COMPETITION -- Competitors of the Company are numerous and include major
pharmaceutical and chemical companies, biotechnology companies, universities and
other research institutions. Currently, several of these competitors market and
sell therapeutic products for the treatment of chronic pain, Parkinson's disease
and other CNS conditions. In addition, most of the Company's competitors have
substantially greater capital resources, experience in obtaining regulatory
approvals and, in the case of commercial entities, experience in manufacturing
and marketing pharmaceutical products, than the Company. A number of other
companies are attempting to develop methods of delivering therapeutic substances
within or across the blood brain barrier. There can be no assurance that the
Company's competitors will not succeed in developing technologies and products
that are more effective than those being developed by the Company or that would
render the Company's technology and products obsolete or noncompetitive. See
"Competition."
DEPENDENCE ON KEY PERSONNEL -- The Company is highly dependent on the principal
members of its management and scientific staff and certain of its outside
consultants. Vacancies have occurred and are likely to occur from time to time
amoung the Company's senior management and scientific staff. Loss of the
services of any of the Company's key employees or consultants or the continued
existence of such vacancies could have a material adverse effect on the
Company's operations. In addition, the Company's operations are dependent upon
its ability to attract and retain additional qualified scientific and management
personnel. There can be no assurance the Company will be able to attract and
retain such personnel on acceptable terms given the competition among
pharmaceutical, biotechnology and healthcare companies, universities and
research institutions for experienced personnel.

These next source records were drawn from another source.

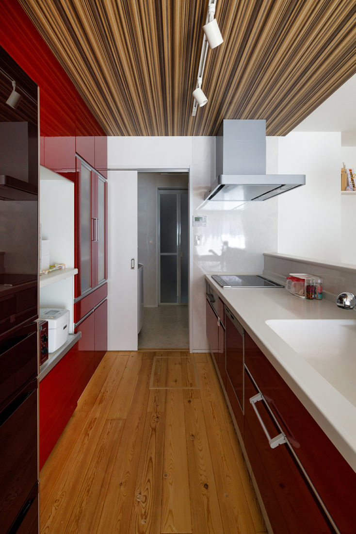 I邸のプランは、キッチンから子どもたちの様子がわかること、無垢材や珪藻土クロスなどの体に優しい自然素材をふんだんに利用すること、リビング階段を採用してどんなときも子どもたちの顔が見えるようにするなど、子育て世代には特にうれしい配慮がなされている。「我が家では夫婦ともにキッチンに立つので、キッチンを基点にしたレイアウトはとても合っています」とIさんも満足げだ。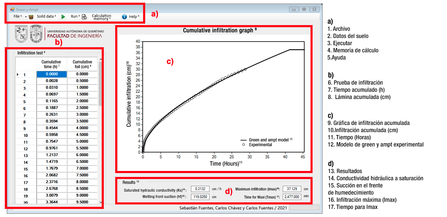 Data from an infiltration test is loaded, including input parameters. / Se cargan datos de una prueba de infiltración, donde también se incluyen sus parámetros de entrada. |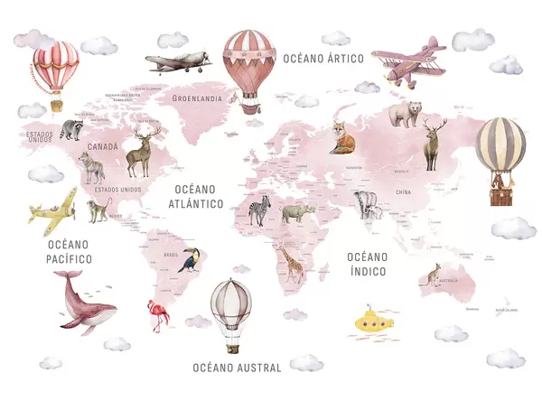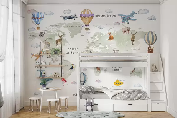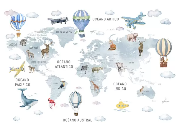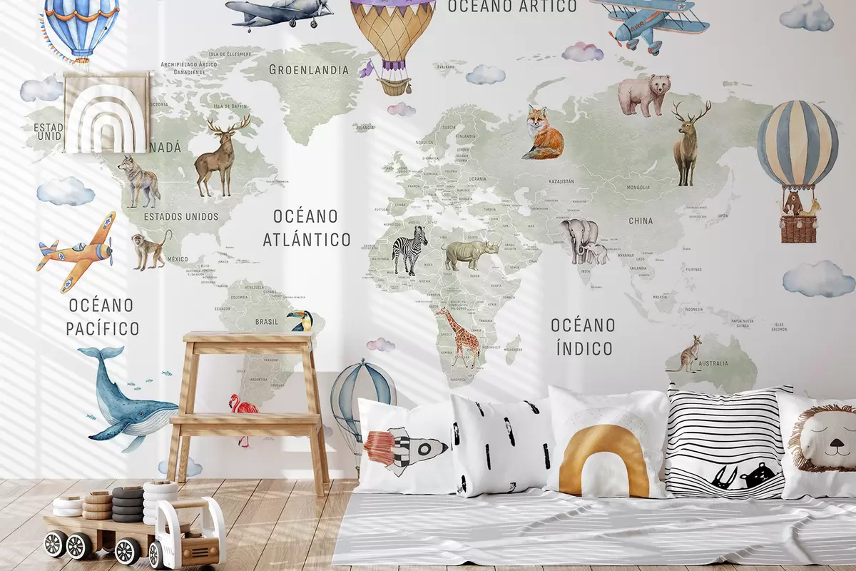 Wall murals Children's map in watercolour style with animals and hot air balloons. Spanish language. Green colour. Nr. c00001es

REIMBURSEMENT AND HEALTHCARE REFORM -- In both domestic and foreign markets,
sales of the Company's potential products will depend in part upon the
availability and amounts of reimbursement from third-party healthcare payor
organizations, including government agencies, private healthcare insurers and
other healthcare payors such as health maintenance organizations and
self-insured employee plans. There is considerable pressure to reduce the cost
of therapeutic products. There can be no assurance that reimbursement will be
provided by such payors at all or without substantial delay, or, if such
reimbursement is provided, that the approved reimbursement amounts will provide
sufficient funds to enable the Company to sell its products on a profitable
basis. See "Reimbursement and Healthcare Cost Control."